TestWorkflowMutableStateImpl - race condition between TimerFired event and CancelTimer command
processCancelTimer throws invalid_argument exception here if timer is null this timer however would have been already removed if this same workflow task receives a TIMER_FIRED event for this same timer:
https://github.com/temporalio/sdk-java/blob/master/temporal-test-server/src/main/java/io/temporal/internal/testservice/TestWorkflowMutableStateImpl.java#L1437
I think on cancel command, we should only throw if we check first that if timer is null if it was actually removed in same workflow task.
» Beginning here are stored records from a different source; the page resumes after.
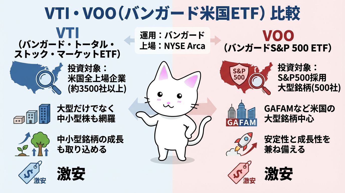 この記事では、2026年時点の最新データを交えながら、VTIとVOOの違い・選び方・私がVTIを選んでいる理由を解説していきます。
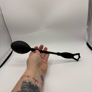 Elegant black cast iron spoon. Perfect for kitchen decor or use.
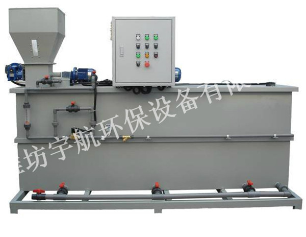 PAM加药装置根据所需药剂浓度,在搅拌箱内配制,经搅拌器搅拌均匀后投入溶液箱、用计量泵(加药泵)向投药点或指定的系统中输送所配制的溶液。成套加药装置具有结构紧凑、安全简单、操作使用简便等特点。该装置还可根据用户不同工艺流程的要求,进行有针对性的设计、配置必要的部件,实现功能适合(如自动远程控制)、经济实用。

Issue does not allow workflow in test to complete / make progress.
Full error can look like:
[Workflow Executor taskQueue="flakyservice", namespace="default": 1] WARN io.temporal.internal.worker.WorkflowWorker - Failure while reporting workflow progress to the server. If seen continuously the workflow might be stuck. WorkflowId=flaky, RunId=6d9e3f8a-7a73-4aaf-8cdd-02a3cee750f1, startedEventId=22 io.grpc.StatusRuntimeException: INVALID_ARGUMENT: invalid history builder state for action at io.grpc.stub.ClientCalls.toStatusRuntimeException(ClientCalls.java:268) at io.grpc.stub.ClientCalls.getUnchecked(ClientCalls.java:249) at io.grpc.stub.ClientCalls.blockingUnaryCall(ClientCalls.java:167) at io.temporal.api.workflowservice.v1.WorkflowServiceGrpc$WorkflowServiceBlockingStub.respondWorkflowTaskCompleted(WorkflowServiceGrpc.java:6079) at io.temporal.internal.worker.WorkflowWorker$TaskHandlerImpl.lambda$sendTaskCompleted$0(WorkflowWorker.java:557) at io.temporal.internal.retryer.GrpcSyncRetryer.retry(GrpcSyncRetryer.java:49) at io.temporal.internal.retryer.GrpcRetryer.retryWithResult(GrpcRetryer.java:40) at io.temporal.internal.worker.WorkflowWorker$TaskHandlerImpl.sendTaskCompleted(WorkflowWorker.java:552) at io.temporal.internal.worker.WorkflowWorker$TaskHandlerImpl.handle(WorkflowWorker.java:409) at io.temporal.internal.worker.WorkflowWorker$TaskHandlerImpl.handle(WorkflowWorker.java:336) at io.temporal.internal.worker.PollTaskExecutor.lambda$process$1(PollTaskExecutor.java:76) at java.base/java.util.concurrent.ThreadPoolExecutor.runWorker(ThreadPoolExecutor.java:1144) at java.base/java.util.concurrent.ThreadPoolExecutor$Worker.run(ThreadPoolExecutor.java:642) at java.base/java.lang.Thread.run(Thread.java:1583)
Still working on a reliable test for this. @Quinn-With-Two-Ns ping me and can point you to slack there where there is a reproduce that you may need to run a number of times to run into this.